This article explains the data schema and format in Clickstream Analytics on AWS. This solution uses an event-based data model to store and analyze clickstream data. Every activity (such as click and view) on the clients is modeled as an event with dimensions, and each dimension represents a parameter of the event. Dimensions are common for all events.
You can use JSON objects to store custom event parameters as key-value pairs into special dimensions, which helps you to collect information that is specific for your business. Those JSON objects are stored in special data types, which allow you to extract the values in the analytics engines.

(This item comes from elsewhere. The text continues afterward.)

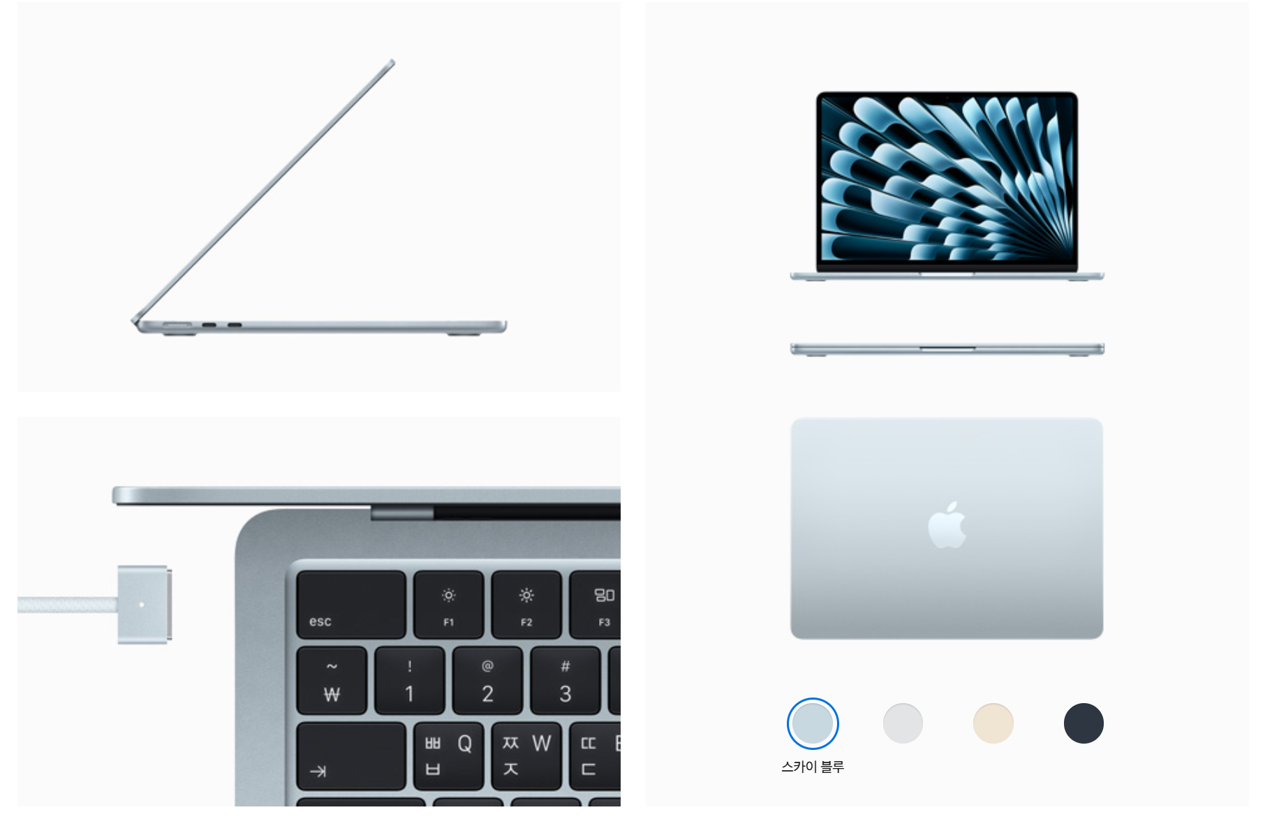 새로운 맥북 에어는 얇고 가벼운 팬리스 디자인을 유지하면서도, 견고한 unibody 알루미늄 외장을 갖추고 있어 뛰어난 내구성을 제공합니다. 특히, 이번 모델에는 새로운 색상인 스카이 블루가 추가되어 사용자들의 선택 폭을 넓혔습니다.

For each project, the solution creates a database with name of in Amazon Redshift and Athena. Each app will have a schema with name of app_id . In Athena, all tables are added partitions of app_id , year, month, and day. Based on the event data, the solution's data-processing module creates the following four base tables:
Each column in the tables represents a specific parameter for an event, user, or item. Some parameters are nested within a Super field in Amazon Redshift or a Map field in Athena. Those fields (such as custom_parameters , user_properties ) contain parameters that are repeatable. The following table describes the fields.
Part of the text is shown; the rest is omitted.